Rainy fall adds to farmers' soggy woes

Wettest year on record keeps 19 million acres idle, threatens next spring’s crops

The damage from the destructive spring flooding in the Midwest has been followed in parts of the country by a miserable autumn that is making a bad farming year worse, with effects likely to be felt into next spring.

Even the widespread flooding in the spring was worse for many farmers than the images of sodden river towns would suggest, said Scott Irwin, an agricultural economist at the University of Illinois. While the images of overwhelmed levees were dramatic, "that's not the real story." Across much of the Midwest and Northern Plains soils were saturated throughout the spring, he said, and many farmers couldn't get crops in the ground or had to delay planting until perilously late in the season. "Farmers told me in eastern Illinois it felt like they were in a monsoon from April until May."

It was the wettest year on record for the lower 48 states, with the kind of extreme rainfall events that are increasingly associated with climate change. And then fall came in with unseasonably heavy rains and snow. That was the case for Aaron Heley Lehman, a farmer in central Iowa and president of the Iowa Farmer's Union. "This has definitely been a bad year for almost all farmers in Iowa, even if you weren't on river bottom ground and having your grain bins explode and your land under water for weeks and weeks at a time," he said. "It was still a very rough year."

The Department of Agriculture tracks how many acres of insured farmland went unplanted, a statistic referred to as prevented planting, and this year's figures are the highest since the agency started reporting the figures in 2007. Overall, farmers reported being unable to plant on some 19 million acres for all crops in 2019 with more than 70% of those acres occurring in the rain-soaked Midwest.

For the two most important Midwestern crops, corn and soybeans, the 2019 figures showed 11.4 million acres for corn and 4.5 million acres for soybeans that went without crops being planted.

That's 13% of the total corn acreage in the United States that went unplanted, and nearly 6% of total soy acreage. By comparison, 2013 was another wet year but had just 3.9% and 2.3% unplanted acres.

According to the American Farm Bureau Federation, farm subsidies from sources like trade assistance, disaster assistance and federally subsidized crop insurance made up 40% of farm income in 2019, $33 billion out of an expected $88 billion total.

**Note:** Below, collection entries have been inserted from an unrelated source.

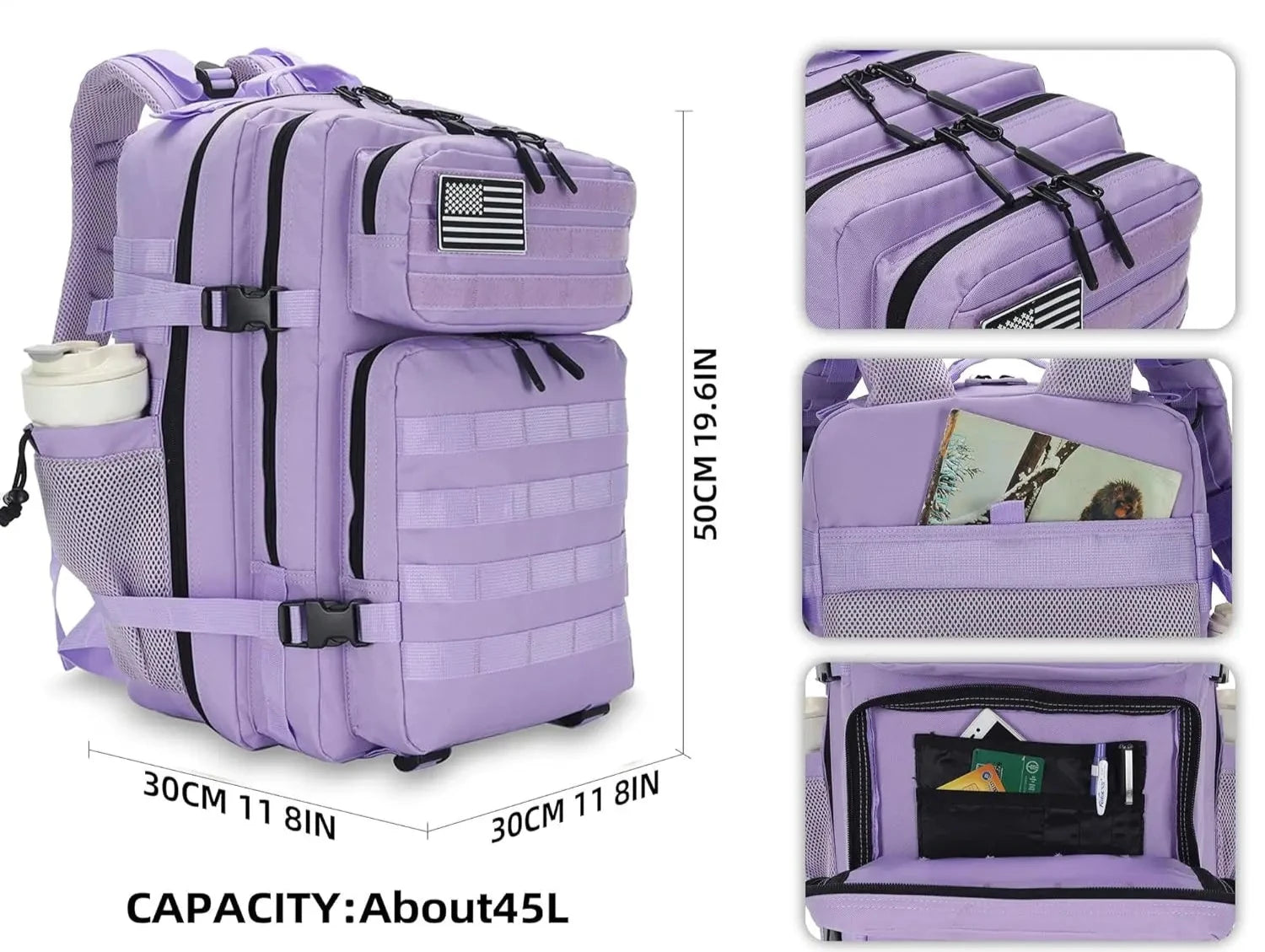 45L 3P Military Molle "Violet" Tactical Backpack Description:
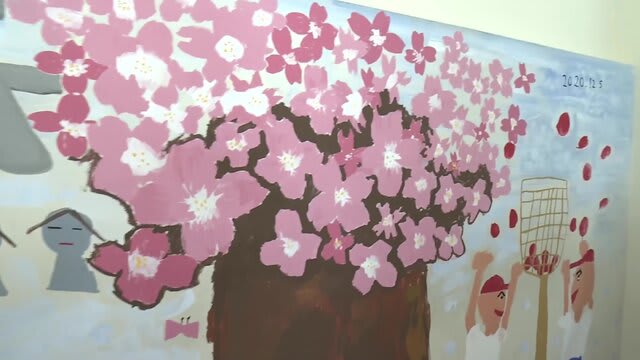 The painting on the wall in the corridor was drawn by the students before the school closed.
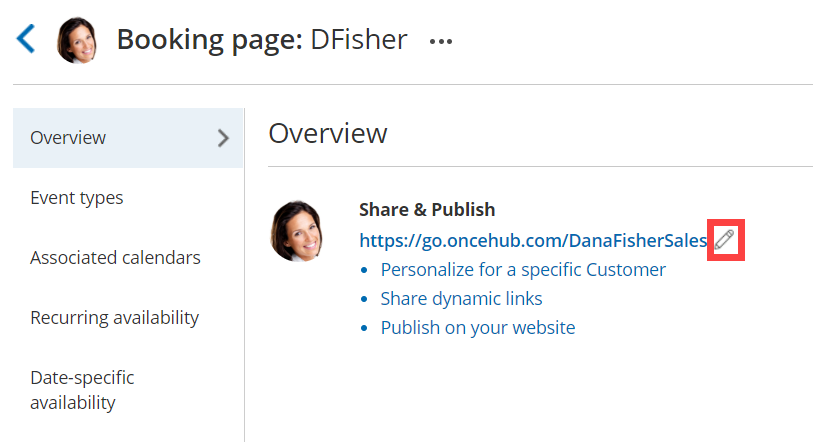 Booking page links and Master page links are used in all of OnceHub’s Share & Publish options. In some cases, you may want to change the link that Customers use, such as when a Booking page is reassigned to a different User.

The intense downpours are characteristic of climate change, said Barbara Mayes Boustead, an author of the chapters on the Midwest and Northern Great Plains in the National Climate Assessment, a collaboration of 13 federal agencies and departments. While linking individual weather events is a complex and time-consuming process involving attribution science, the trends are clear, she said. "Climate change has changed the atmosphere itself," Boustead said. So even if it is difficult to prove the precise impact of climate change on this year's season, she added, "events like this become more likely as climate changes."

And the rain is not just intense, but comes at inopportune times, said Dennis Todey, the director of the Agriculture Department's climate hub in Ames, Iowa. Rains are falling hard not in the middle of the growing season, when it could be of the most use, but in the spring and fall, "exactly the time we don't want more water on our cropland."

"Almost all farmers agree that they've been dealing with much more volatile conditions," said Lehman, the Iowa farmer.

Beau Bateman, a farmer near Grand Forks, N.D., said he saw signs of climate change in farming's problems. "We're seeing more extremes than we've encountered before," he said. After the wettest September on record, the soil has become so saturated that it won't support heavy equipment like combines and beet harvesters. "They sink in and get stuck," Bateman said. His farming cooperative, he added, had nothing but trouble getting its sugar beets out of the ground. "We were only able to harvest two-thirds of our crop."

Irwin, of the University of Illinois, said that the year's planting had been further complicated by confusing messages from Washington, including an offer of aid to farmers from the Agriculture Department in May to help them deal with the effects of trade tensions with China with $16 billion in price supports if they planted crops. The announcement came later in the year than farmers in many areas usually plant, but hard-pressed farmers decided to try to get the benefits of the program and planted anyway. Irwin estimated that at least 5 million acres were planted under risky conditions. "It turned out to be a really bad bet," he said.